Because of the continuing spike in oil prices, and its effect on jet fuel costs, we are discontinuing service in markets as part of an ongoing strategy to manage those costs. Select flights and markets that cannot be profitable in light of the increase in fuel prices are being canceled.

By May 1, we will discontinue service in four markets operated by Delta Connection carriers. From Salt Lake City, we will discontinue service to Bellingham, Wash., and Fargo, N.D., both operated by SkyWest Airlines. From Atlanta, we’ll stop service to Atlantic City, N.J., and Islip/Long Island, N.Y., both operated by Atlantic Southeast Airlines.

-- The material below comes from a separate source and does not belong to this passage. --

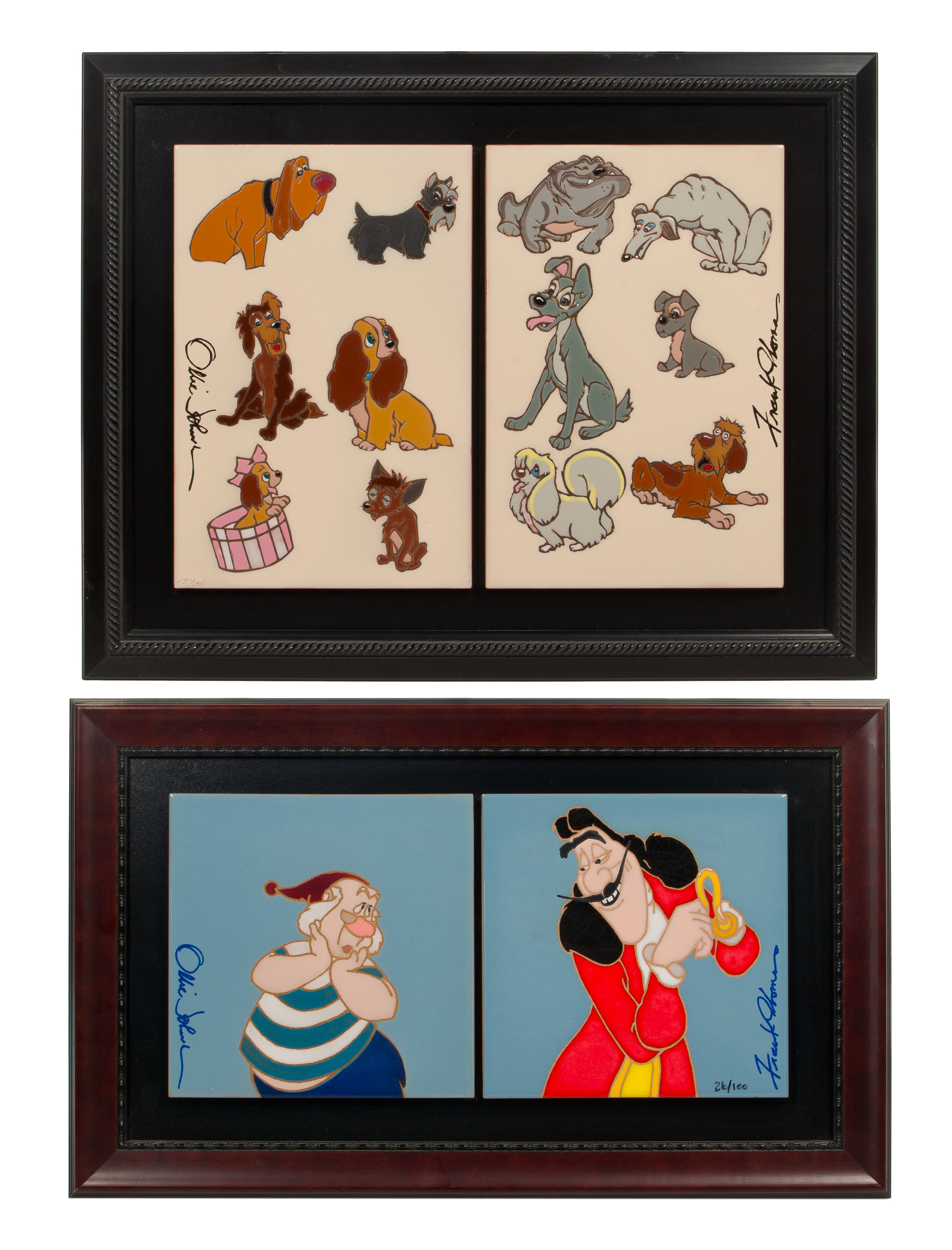 (2) frames, each containing two tiles, including ‘Lady and the Tramp’ characters, #15/100 having COA as well as Captain Hook and Smee, #26/100, both signed by Thomas and Johnston recto and verso, float mounted in wood frames, retaining a White Horse Studio label verso
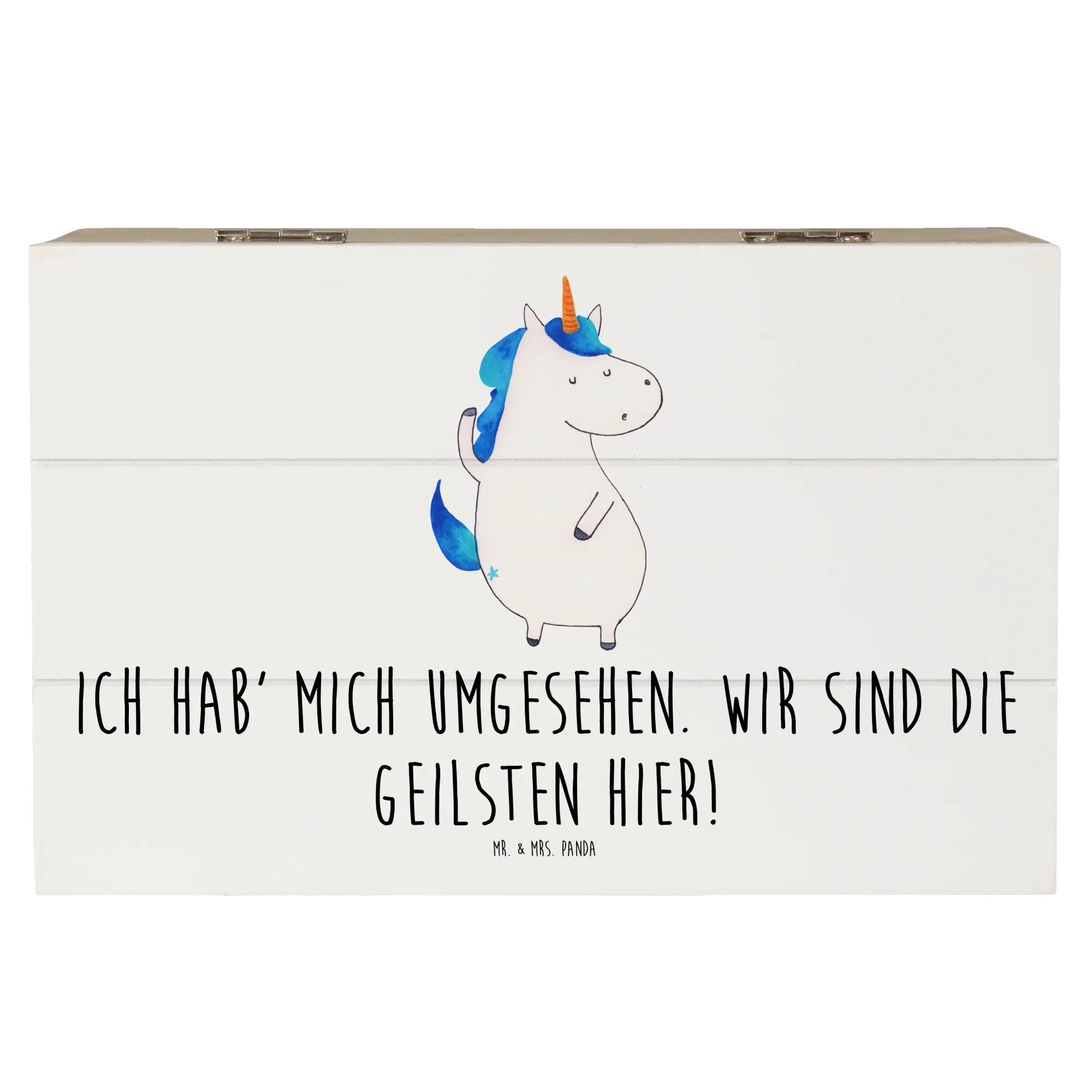 Die wunderschöne Holzkiste mit dem zauberhaften Einhorn-Motiv von Mr. & Mrs. Panda ist das perfekte Geschenk für alle, die das Besondere lieben. Diese Schatzkiste ist nicht nur ein praktischer Aufbewahrungsort für Deine wertvollen Erinnerungen, sondern auch ein wahrer Hingucker. Mit einem liebevoll gestalteten Design und dem lustigen Spruch 'Ich hab' mich umgesehen. Wir sind die Geilsten hier!' zieht sie alle Blicke auf sich.

“As a result of the 70% to 80% increase in fuel prices experienced over the last year, we continue to fight rising fuel prices through capacity reductions in the U.S. and by shifting more aircraft to international routes,” said Joe Esposito, managing director-Schedule Planning. “During 2008, we are trimming domestic schedules in select domestic markets at off-peak times and reducing the number of regional jets in our fleet, while at the same time growing our international capacity.” Other domestic regional jet markets that have been canceled previously as a direct result of increased fuel prices include Corpus Christi and McAllen, Texas, and Tupelo, Miss.

Because of our cost effective and flexible fleet, there is a possibility for further domestic reductions as necessary, Joe said. “We will continue to review market conditions to ensure we are most effectively responding to these persistently high fuel prices,” he said.